Common gift tax return triggers
Caring is sharing, but some situations inadvertently lead to a gift tax return, pros say.
Gifting large sums of money to family
If grandparents put, say, $40,000 in a 529 plan for a grandchild, that may trigger the gift tax exclusion because it's over the limit.
A special rule allows gift givers to spread one-time gifts across five years’ worth of gift tax returns to preserve their lifetime gift exclusion.
» MORE: Learn how inherited IRAs work
Paying for vacations, cars or other stuff
If you gift your child $40,000 to help with wedding costs or offer to pay for an expensive honeymoon, this could trigger a gift tax return.

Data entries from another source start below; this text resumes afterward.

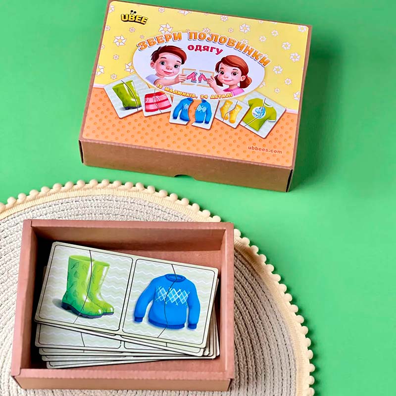 Розміри однієї цілої картинки: 7 х 7 см. У наборі: 12 тематичних картинок-половинок з різним розрізом. Картинки-половинки - це цікава розвиваюча гра, в якій потрібно скласти картинку з двох частин. Гра сприяє розвитку образного і логічного мислення, вчить сприймати зв'язок між частиною і цілим, розвиває дрібну моторику і увагу. Завдання дитини - з'єднати половинки так, щоб отримати цілі картинки.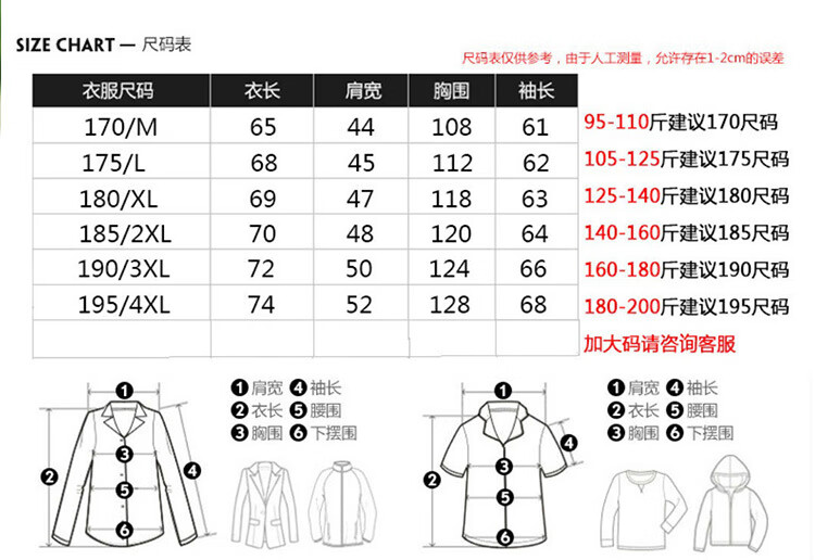China (cm) 165 / 88-90 170 / 96-98 175 / 108-110 180 / 118-122 185 / 126-130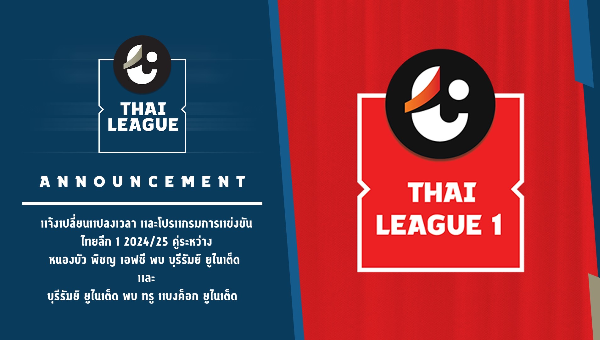 แจ้งเปลี่ยนแปลงเวลา และโปรแกรมการแข่งขัน ไทยลีก 1 2024/25 คู่ระหว่าง หนองบัว พิชญ เอฟซี พบ บุรีรัมย์ ยูไนเต็ด และ บุรีรัมย์ ยูไนเต็ด พบ ทรู แบงค็อก ยูไนเต็ด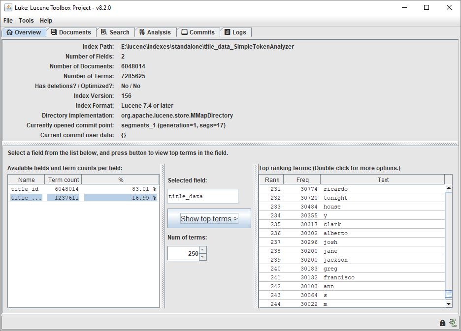 Luke is an analysis tool for Lucene. It’s available as a JAR file (lucene-luke-8.x.x.jar), which can be found in the main Lucene binary release package (downloadable from this page).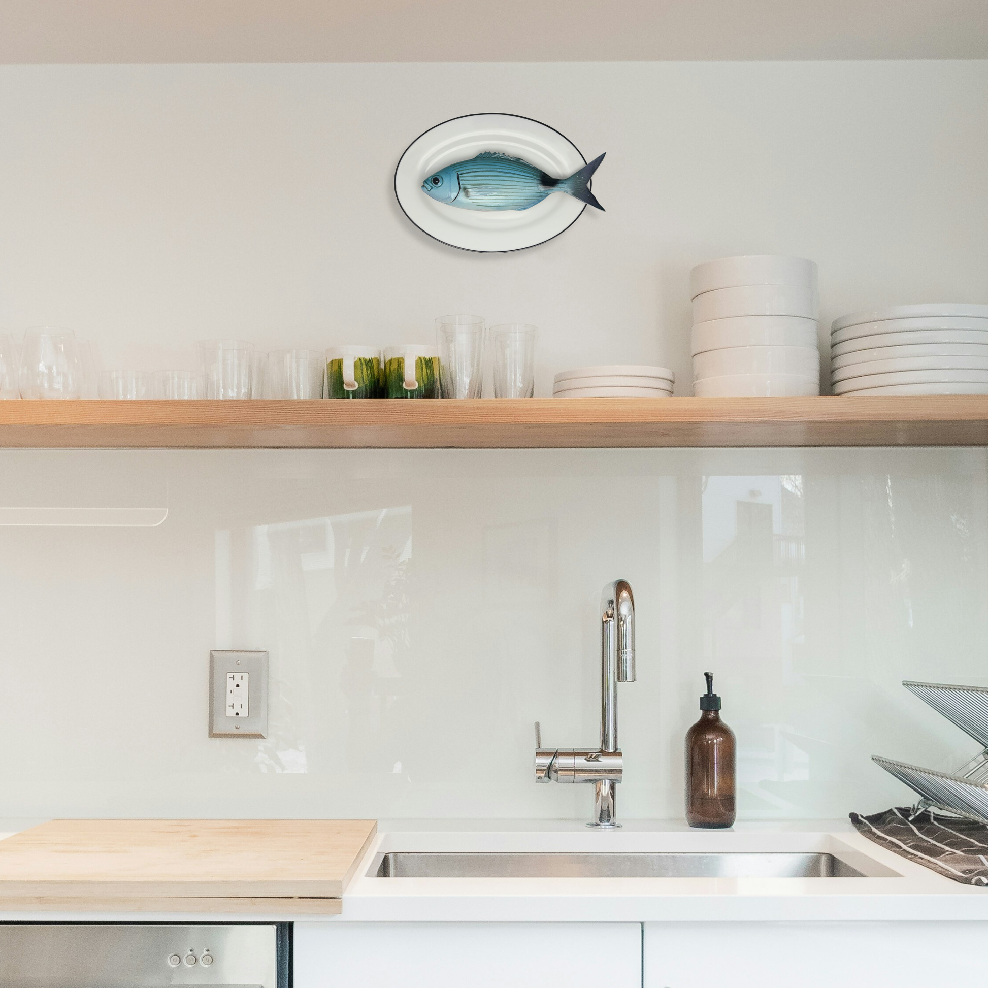 Occhiata op een wit ovaal bord met donker grijze rand, 24x17cm. Aan de achterkant zit een ophanghaakje bevestigd en kan direct aan de wand gehangen worden.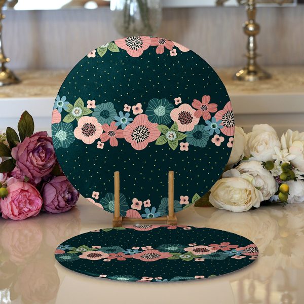 Realhomes Rengarenk Zemin Üzerinde Çiçek Desenli Dijital Baskılı Modern 2’li Yuvarlak Servis Altlığı – Supla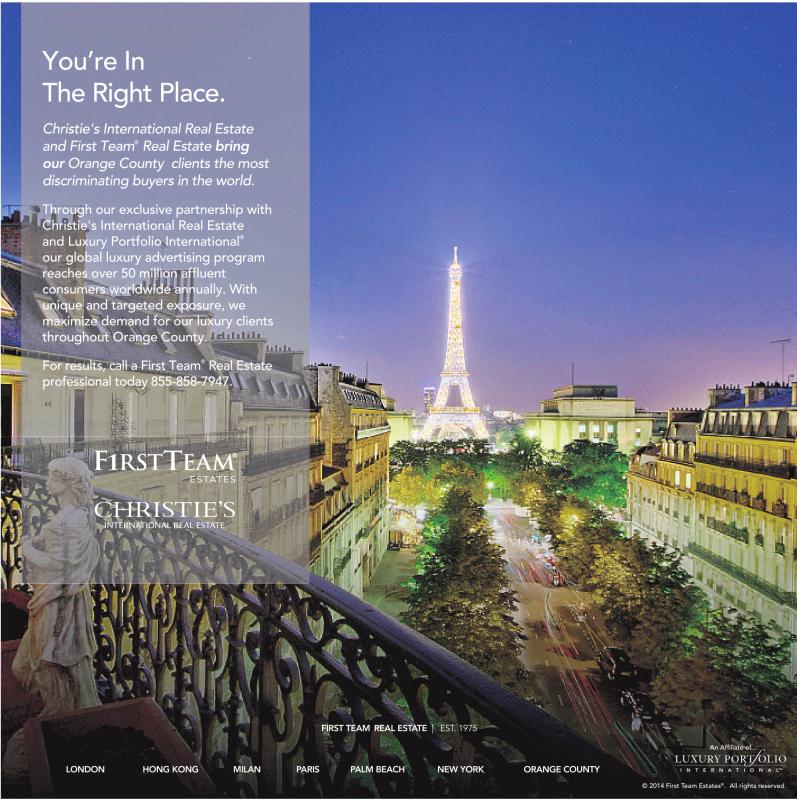 Through our exclusive partnership with Christie's International Real Estate and Luxury Portfolio International ® our global luxury advertising program reaches over 50 million affluent consumers worldwide annually. With unique and targeted exposure, we maximize demand for our luxury clients throughout Orange County.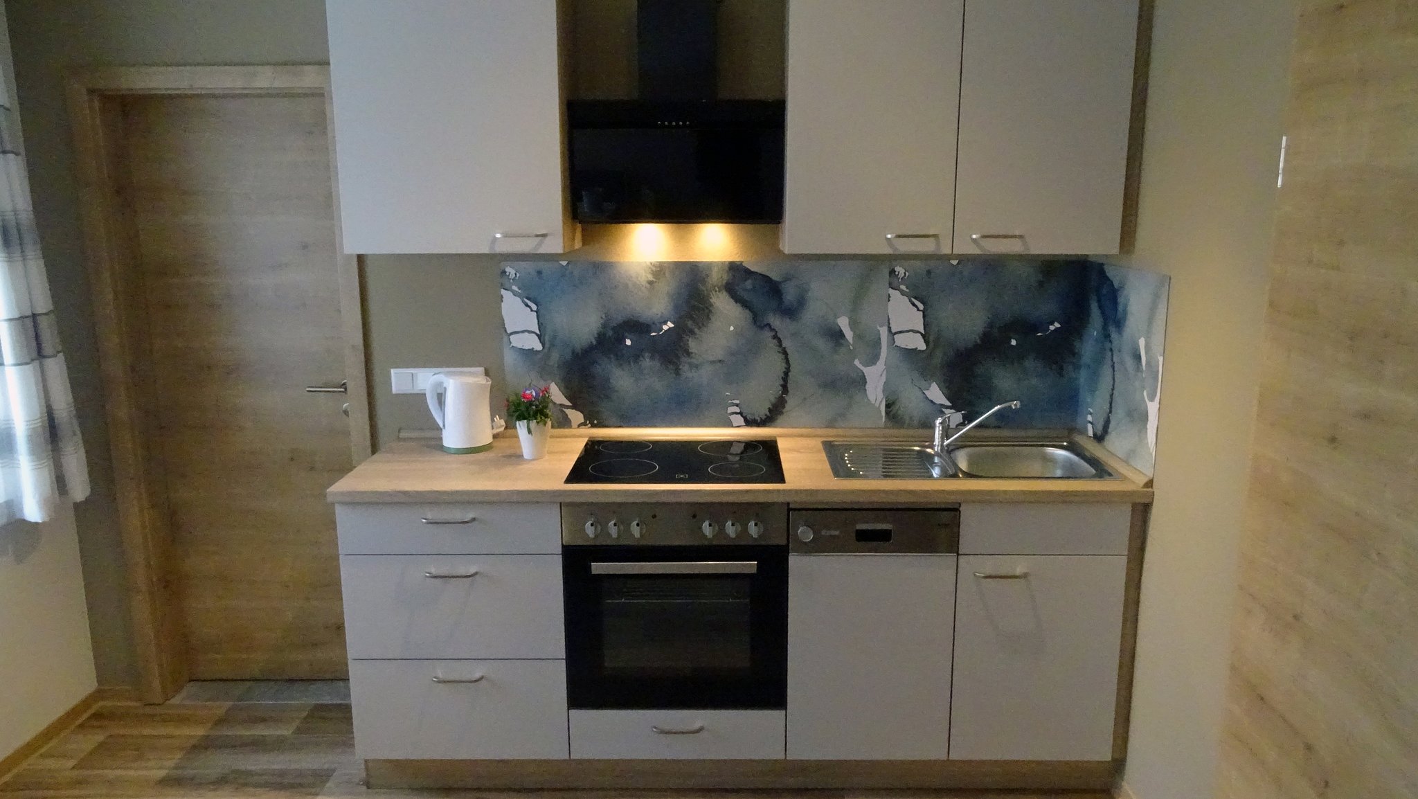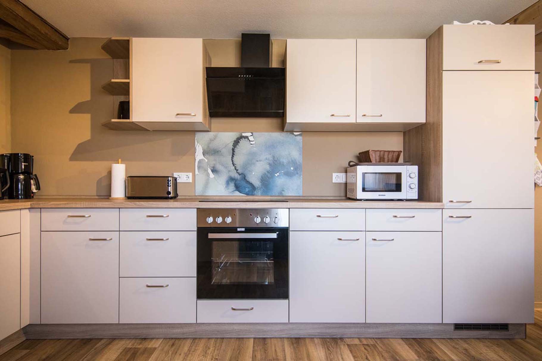 Ceran-Kochfeld, 4-Plattenherd, Backofen, Kühlschrank, Gefrierfach, Geschirrspüler, Geschirr, Kaffeemaschine, Wasserkocher, Toaster, Fußbodenheizung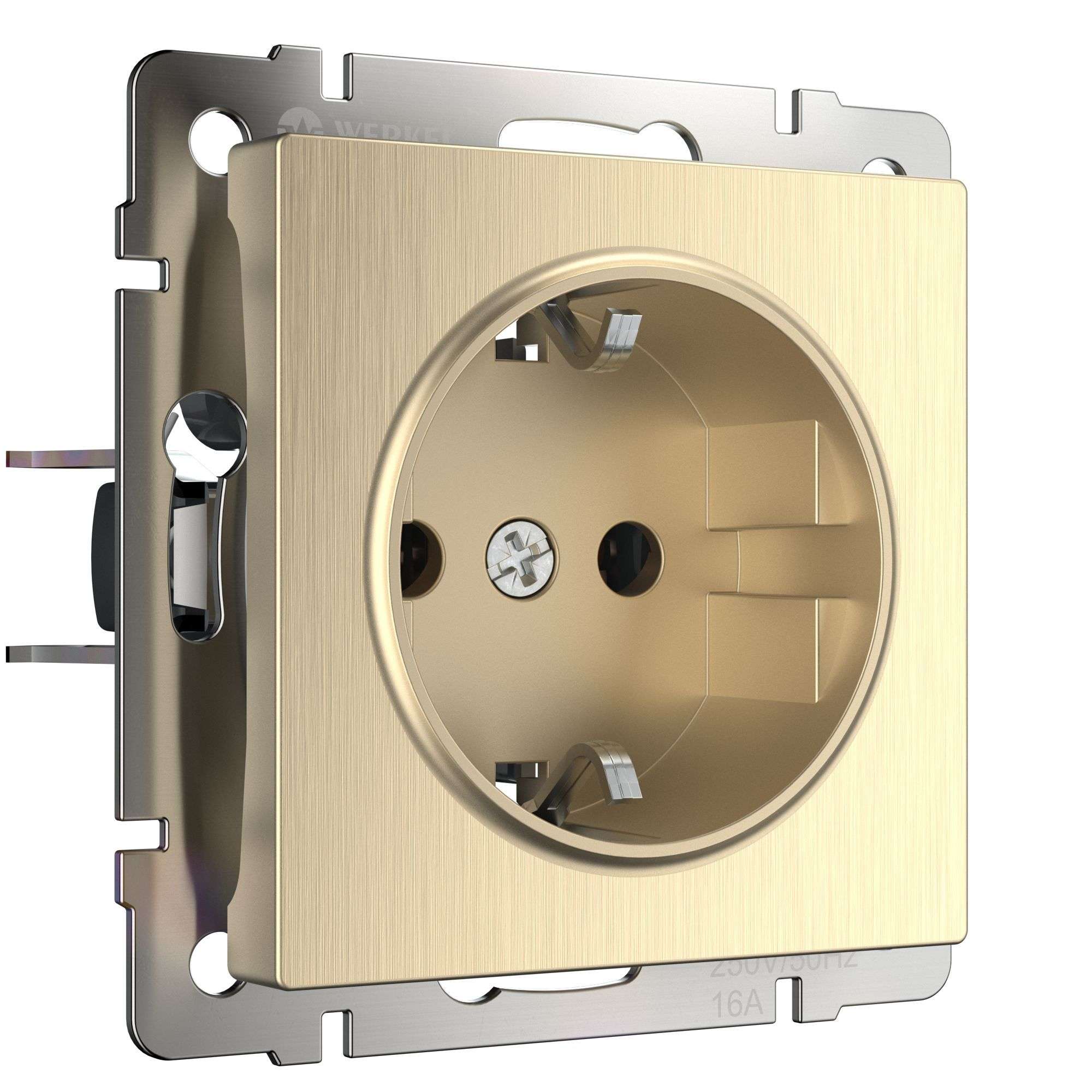 Механизм с суппортом из нержавеющей стали устанавливается в подрозетник и надежно фиксируется с помощью винтов и распорных лапок. Розетка оборудована защитными шторками, обеспечивающие дополнительную безопасность.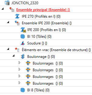 À la création de jonctions de la Charpente métallique entre deux profilés, un ensemble pertinent pour la nomenclature sera généré pour chacun des profilés , structuré selon les directives de la DSTV. Cela signifie qu'un ensemble comprend chacun le profilé comme élément principal d'ensemble et, au même niveau, les composants de la jonctions appartenant à chaque profilé. En fonction de la situation de votre scène, il peut arriver, dans de rare cas, que la structuration selon la DSTV ne peut être exécutée. Cela peut être évité par l'utilisation d'ensembles de structure.

If you’re paying tuition or medical bills, paying the school or hospital directly can help avoid the gift tax return requirement (see the instructions to IRS Form 709 for details).
Giving a laid-back loan
Lending money to friends and family can be tricky, and the IRS can make it even worse. It considers interest-free loans as gifts. Or, if you lend them money and later decide they don't need to repay you, that's also a gift.
Setting up joint bank accounts
“Let’s say you live by Grandma, so for convenience, we're going to put you on Grandma's bank account. Guess what just happened?” Picciurro says. “If you're put as a joint [owner] on a bank account with somebody and you have the right to take the money out at any time, essentially Grandma is giving you a gift.” This applies to joint accounts when the other owner is not your spouse.